Providing secure file access through AES-GCM encryption with keys generated using PBKDF2.
Implementation
The system is implemented using:
React
TypeScript
Tailwind CSS
Browser-based audio APIs
Client-side cryptographic processing
All biometric and encryption operations are performed locally in the user's browser, ensuring that sensitive voice data never leaves the device.
Conclusion
The Voiceprint Authentication for File System exemplifies a new, user-friendly, safe, and modern method of securing files through the combination of voice biometrics and AES-GCM encryption. There is no third-party server processing within the system because all processes occur in the client\'s browser. According to experimental data, using voiceprints rather than passwords provides an approximately 92% accurate authentication, suggesting that voiceprints can serve as viable substitutes for traditional passwords while providing a more natural and intuitive experience. There are still challenges associated with this method, such as noise, variability of
the user\'s voice, and the risk of being spoofed; however, it lays the groundwork for future improvements. Ultimately, this system offers a strong, expandable, and future-proof solution for protecting sensitive electronic data in numerous real-world settings.
References
[1] D. O’Shaughnessy, “Review of methods for automatic speaker verification,” IEEE/ACM Transactions on Audio, Speech, and Language Processing, vol. 32, pp. 1776–1789, 2023.

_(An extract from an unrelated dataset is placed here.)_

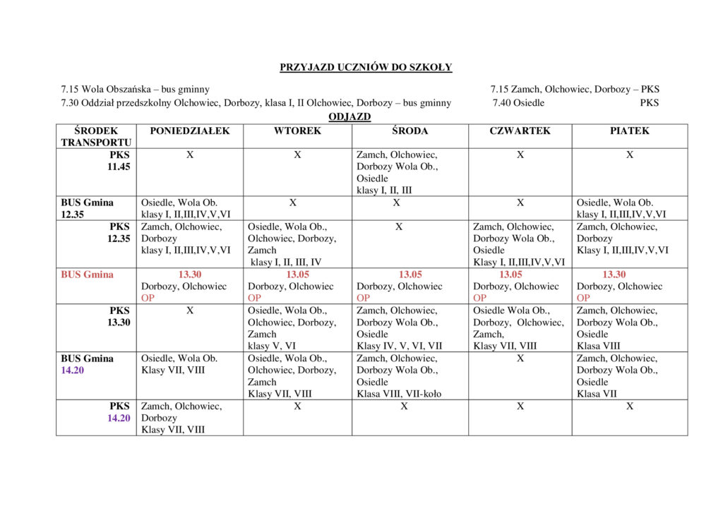 Kursy autobusów w roku szkolnym 2025/2026

[2] R. Sharma, D. Govind, J. Mishra, A. Dubey, K. Deepak, and S. Prasanna, “Milestones in speaker recognition,” Artificial Intelligence Review, vol. 57, no. 3, p. 58, 2024.
[3] M. Jakubec, R. Jarina, E. Lieskovska, and P. Kasak, “Deep speaker embeddings for speaker verification: Review and experimental comparison,” Engineering Applications of Artificial Intelligence, vol. 127, p. 107232, 2024.
[4] R. M. Hanifa, K. Isa, and S. Mohamad, “A review on speaker recognition: Technology and challenges,” Computers & Electrical Engineering, vol. 90, p. 107005, 2021.
[5] T. Kinnunen and H. Li, “An overview of text-independent speaker recognition: From features to supervectors,” Speech Communication, vol. 52, no. 1, pp. 12–40, 2010.
[6] H. Delgado et al., “ASV spoof 2021: Automatic speaker verification spoofing and countermeasures challenge evaluation plan,” arXiv:2109.00535, 2021.
[7] S. Wang, Z. Wu, and H. Meng, “Deep learning approaches for speaker verification: A survey,” IEEE Access, 2023.